» TASK ITEM:
The answer is to be the data that follows, transcribed exactly, minus its pictures.

» RAW DATA:
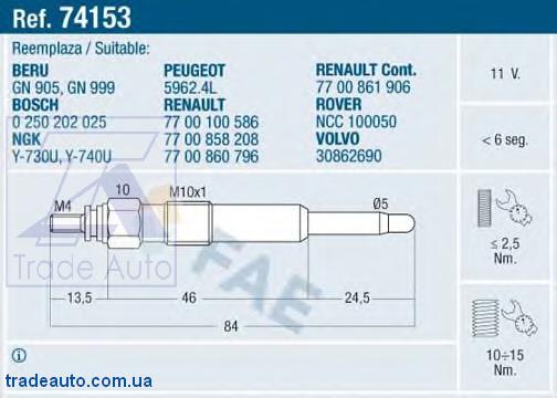![]() 74153 Свеча накаливания | ||||||
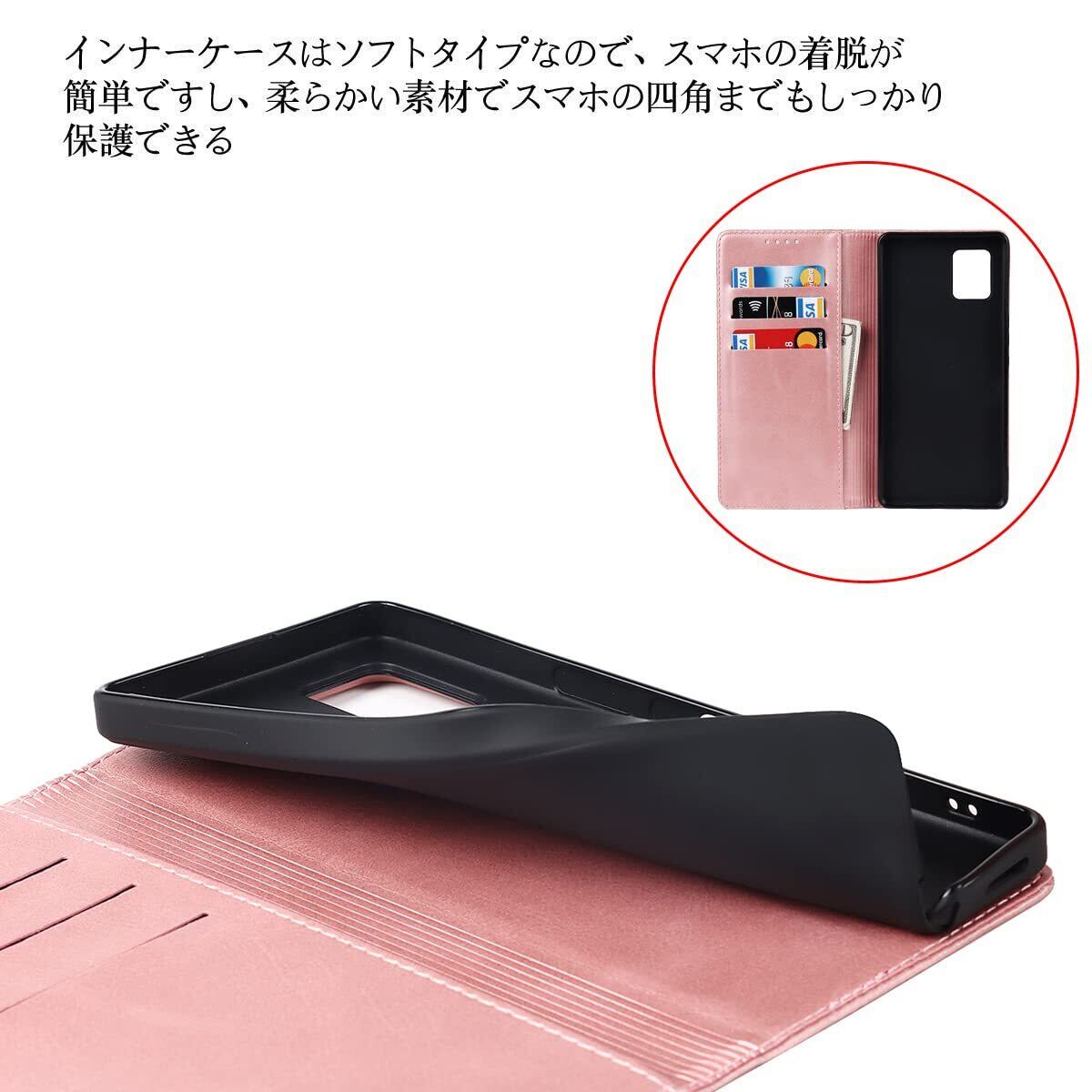 【機能性②】:内蔵マグネットの手帳型ケースです、留め具の邪魔無し、滑り防止の素材を採用され、とてもシンプルな感じで、しかも持ち易いて、使い勝手がよいのです。
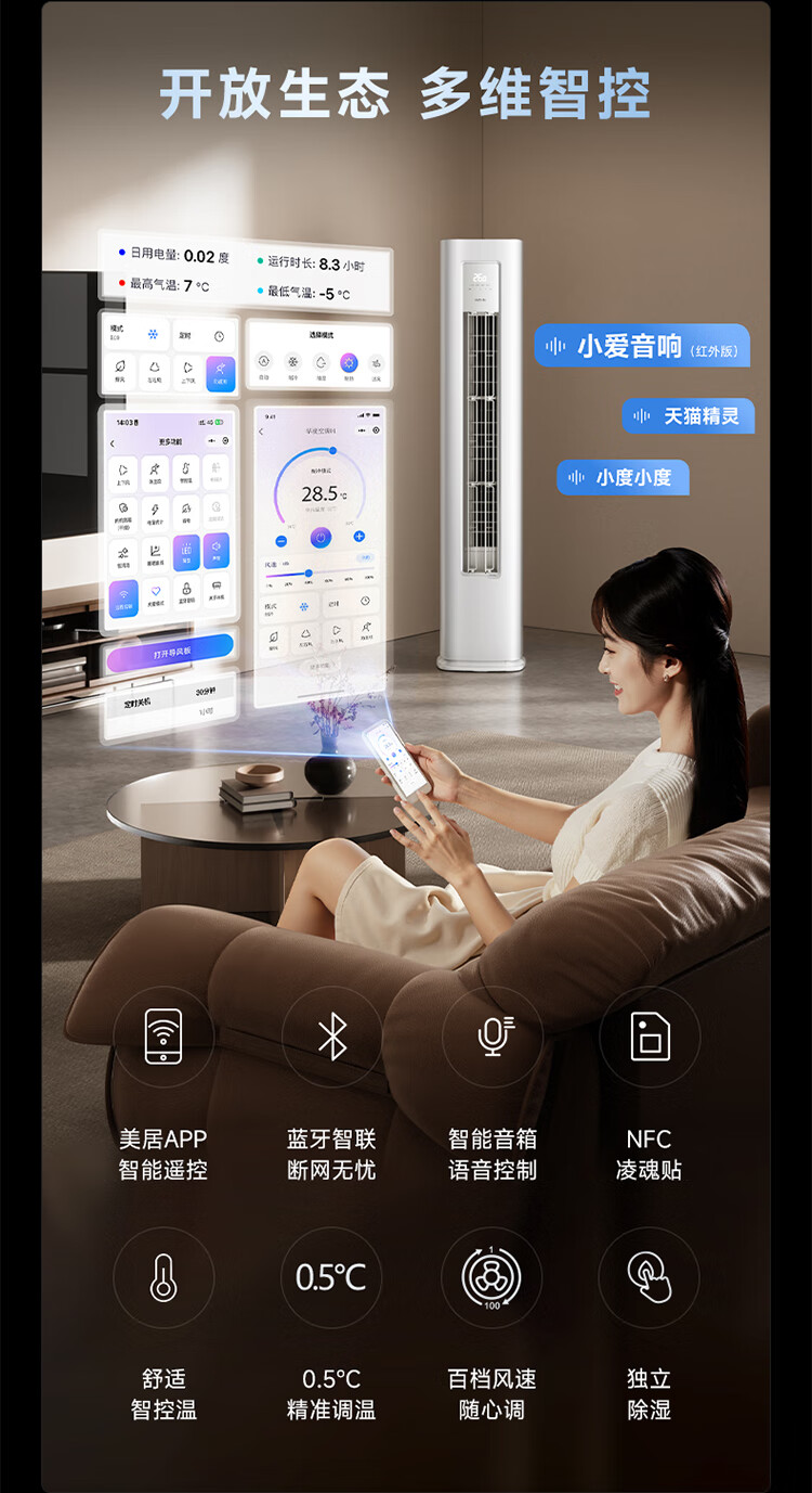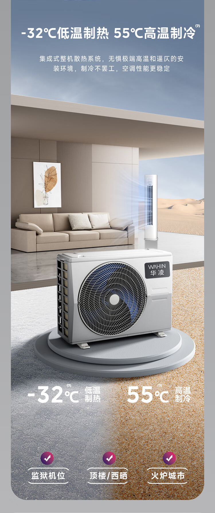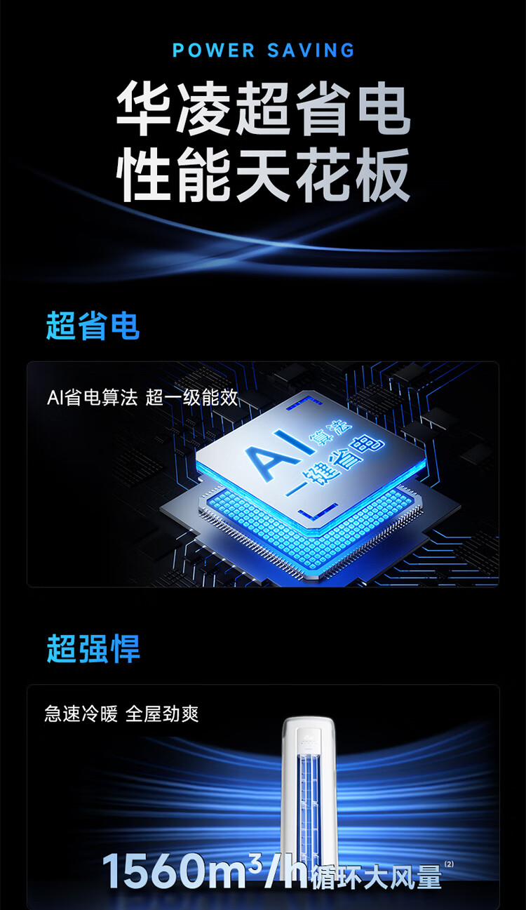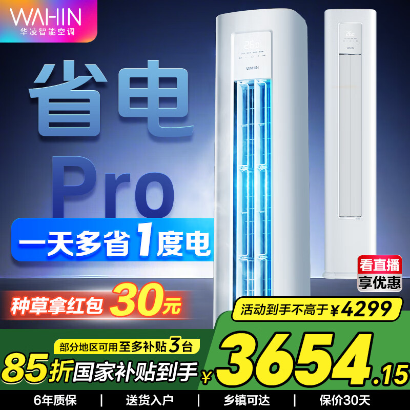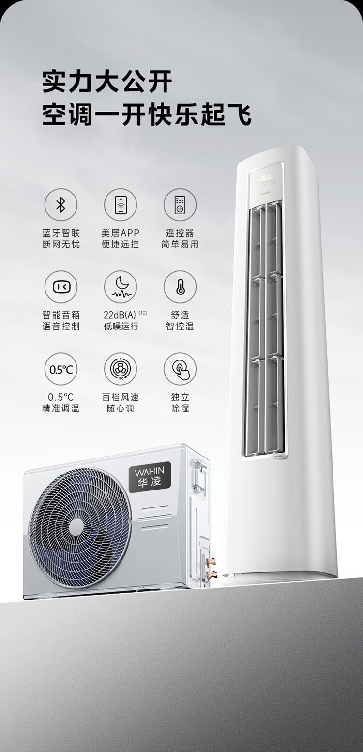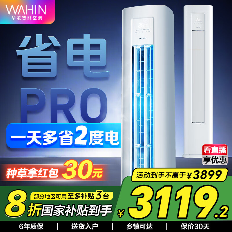 华凌超省电 国家补贴80% 新能效变频空调立式 空调扇 智能冷暖 空调 圆柱立式空调柜机 3匹一级能效

» THE COMPLETED TASK:
![]() 74153 Свеча накаливания | ||||||
 【機能性②】:内蔵マグネットの手帳型ケースです、留め具の邪魔無し、滑り防止の素材を採用され、とてもシンプルな感じで、しかも持ち易いて、使い勝手がよいのです。
 华凌超省电 国家补贴80% 新能效变频空调立式 空调扇 智能冷暖 空调 圆柱立式空调柜机 3匹一级能效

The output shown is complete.